+++ GIVEN DATA

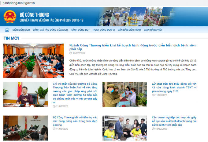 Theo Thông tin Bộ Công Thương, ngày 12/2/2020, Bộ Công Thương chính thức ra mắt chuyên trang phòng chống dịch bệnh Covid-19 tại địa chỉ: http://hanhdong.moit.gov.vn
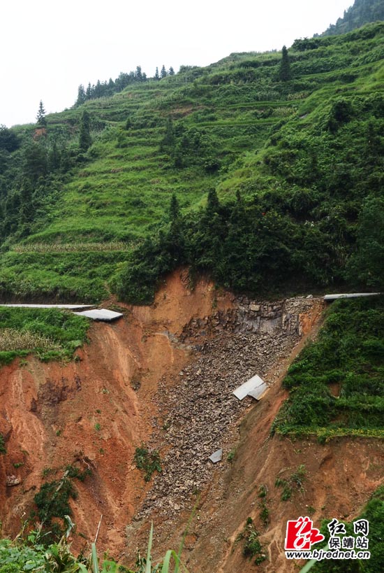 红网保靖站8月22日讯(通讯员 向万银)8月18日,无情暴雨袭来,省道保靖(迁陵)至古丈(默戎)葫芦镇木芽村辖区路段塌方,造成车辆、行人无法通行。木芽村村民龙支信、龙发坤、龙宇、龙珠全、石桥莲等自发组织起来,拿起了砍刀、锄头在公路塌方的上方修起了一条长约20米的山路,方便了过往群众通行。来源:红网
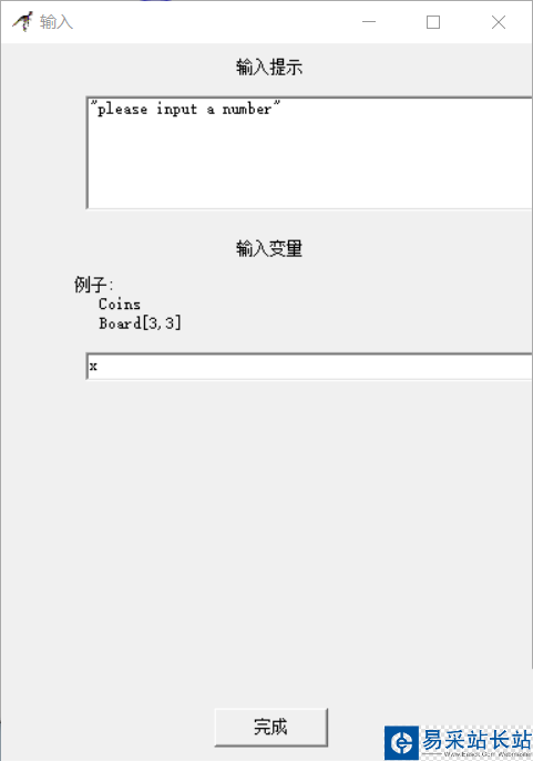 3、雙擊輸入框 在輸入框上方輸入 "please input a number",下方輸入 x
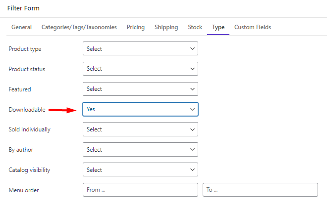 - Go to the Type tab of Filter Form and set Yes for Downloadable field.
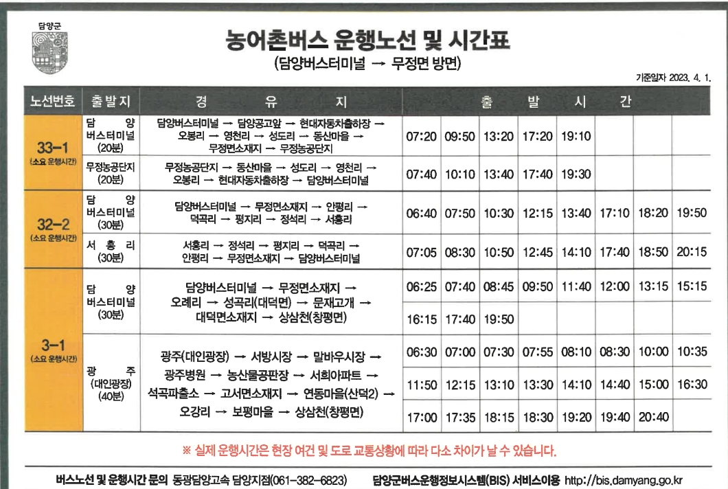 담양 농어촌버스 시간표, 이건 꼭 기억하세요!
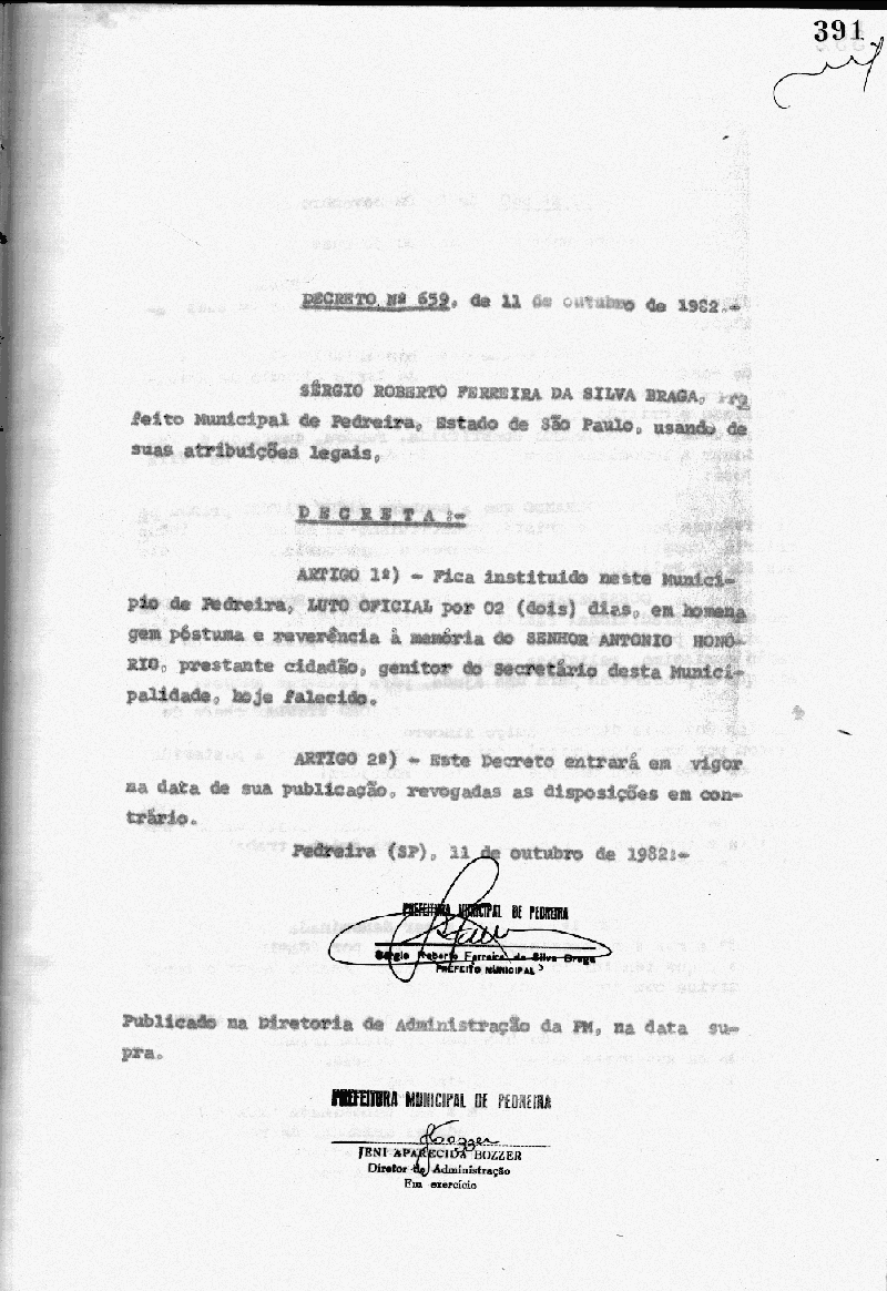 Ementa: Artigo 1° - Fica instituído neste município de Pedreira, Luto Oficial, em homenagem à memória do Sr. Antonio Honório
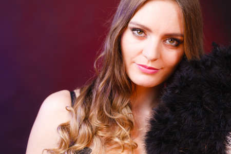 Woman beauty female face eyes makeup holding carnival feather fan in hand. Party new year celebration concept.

++++++

#### PROBLEM STATEMENT:
Repeat the preceding records precisely, and leave every picture out of the copy.

#### WRITTEN SOLUTION:
 Theo Thông tin Bộ Công Thương, ngày 12/2/2020, Bộ Công Thương chính thức ra mắt chuyên trang phòng chống dịch bệnh Covid-19 tại địa chỉ: http://hanhdong.moit.gov.vn
 红网保靖站8月22日讯(通讯员 向万银)8月18日,无情暴雨袭来,省道保靖(迁陵)至古丈(默戎)葫芦镇木芽村辖区路段塌方,造成车辆、行人无法通行。木芽村村民龙支信、龙发坤、龙宇、龙珠全、石桥莲等自发组织起来,拿起了砍刀、锄头在公路塌方的上方修起了一条长约20米的山路,方便了过往群众通行。来源:红网
 3、雙擊輸入框 在輸入框上方輸入 "please input a number",下方輸入 x
 - Go to the Type tab of Filter Form and set Yes for Downloadable field.
 담양 농어촌버스 시간표, 이건 꼭 기억하세요!
 Ementa: Artigo 1° - Fica instituído neste município de Pedreira, Luto Oficial, em homenagem à memória do Sr. Antonio Honório
 Woman beauty female face eyes makeup holding carnival feather fan in hand. Party new year celebration concept.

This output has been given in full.